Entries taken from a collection
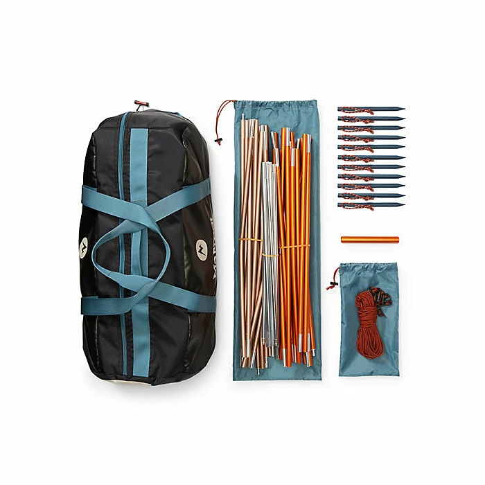 - Color-coded “easy pitch” clips, poles and fly
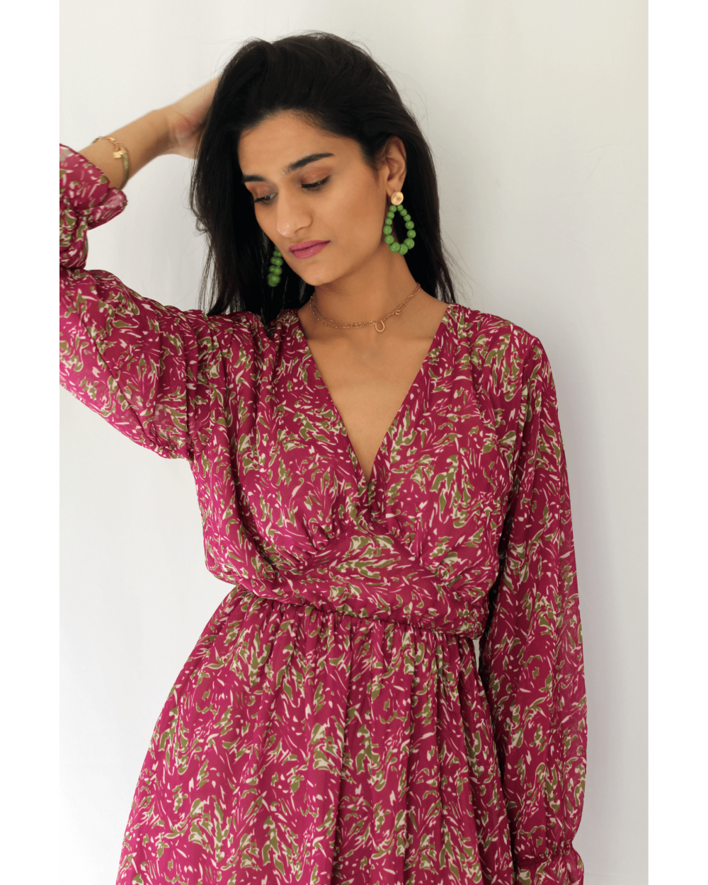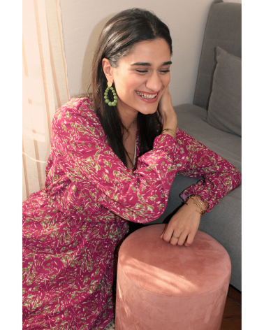 Le robe Iden verte est une robe courte avec un volume aérien et vaporeux qui met en valeur toutes les morphologies.
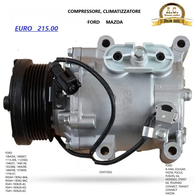 COMPRESSORE CLIMATIZZATORE NON ORIGINALE DI OTTIMA QUALITA’ CON 1 ANNO DI GARANZIA
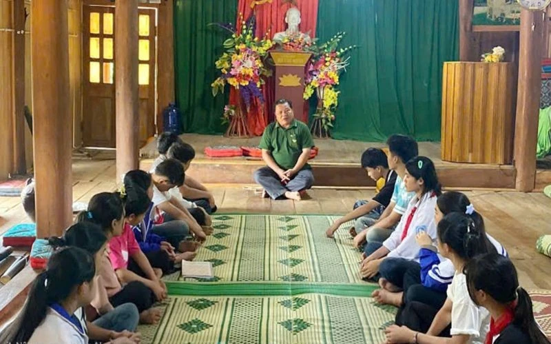 Nghệ nhân Lò Viết Lâm chia sẻ về lễ hội Chá Mùn cho các cháu học sinh.
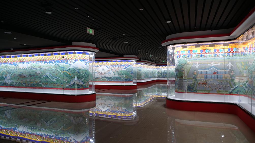 日喀則非物質文化遺產(chan) 展示中心裏展覽的新題材唐卡(2024年5月7日攝)。新華社記者 邱星翔 攝

__What the task asks__
Transcribe all records verbatim, no pictures.

__Result of this task__
 - Color-coded “easy pitch” clips, poles and fly
 Le robe Iden verte est une robe courte avec un volume aérien et vaporeux qui met en valeur toutes les morphologies.
 COMPRESSORE CLIMATIZZATORE NON ORIGINALE DI OTTIMA QUALITA’ CON 1 ANNO DI GARANZIA
 Nghệ nhân Lò Viết Lâm chia sẻ về lễ hội Chá Mùn cho các cháu học sinh.
 日喀則非物質文化遺產(chan) 展示中心裏展覽的新題材唐卡(2024年5月7日攝)。新華社記者 邱星翔 攝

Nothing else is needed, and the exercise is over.